The word dripped with heavy sarcasm, a scowl of distaste twisting his face.

As Maren turned to leave, Voss spoke again.

"Oh, and one more thing. Next time you want to lie to me? Come up with something better than time-eating monsters. I happen to appreciate a good liar, but bad ones are irritating like nothing else."

Maren kept his face carefully blank as he left the office.

The team was waiting for him in their usual spot, tucked into the shadows beneath a creaking dock. Even from a distance, Maren could read their tension - the way Dom's fingers kept tapping against his chronometer, how Pel's shoulders hunched forward, Maya's restless pacing. Only Kita stood still, arms crossed as she leaned against a weathered pylon.

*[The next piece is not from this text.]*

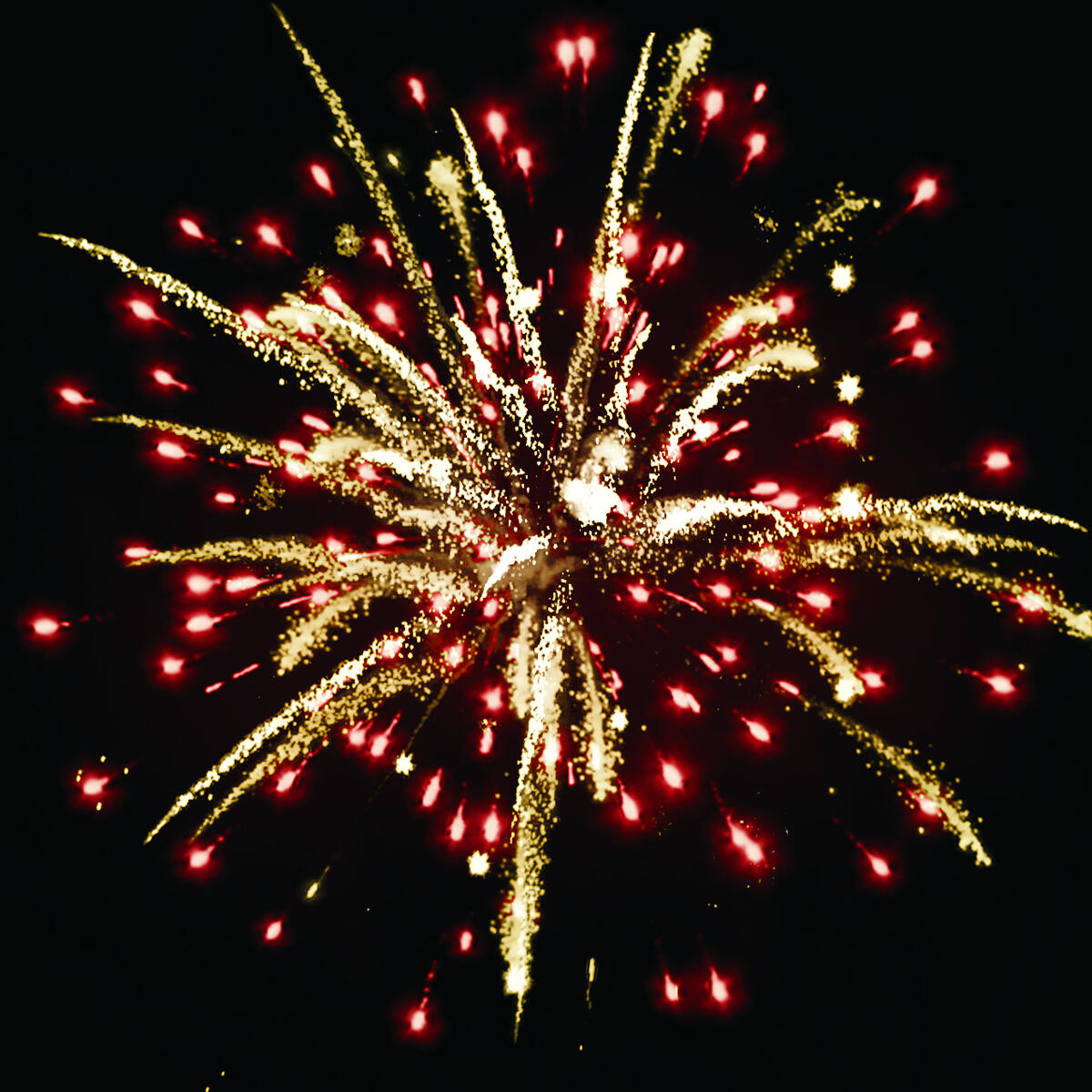 2-3. золотых искристых форсов и красных, зелёных огней;

They'd cleaned up since the dive, but exhaustion still clung to them like old dive suits. The kind of bone-deep weariness that came from brushing too close to death.

Maren's footsteps on the wooden planks above made them all look up. He didn't waste time with pleasantries.

"Three days dry."

The words fell like stones into still water. Dom's fingers froze mid-tap. Pel's shoulders somehow managed to hunch even further. Maya just looked confused, too new to understand what it meant.

"Voss can't do that," Dom said, voice cracking.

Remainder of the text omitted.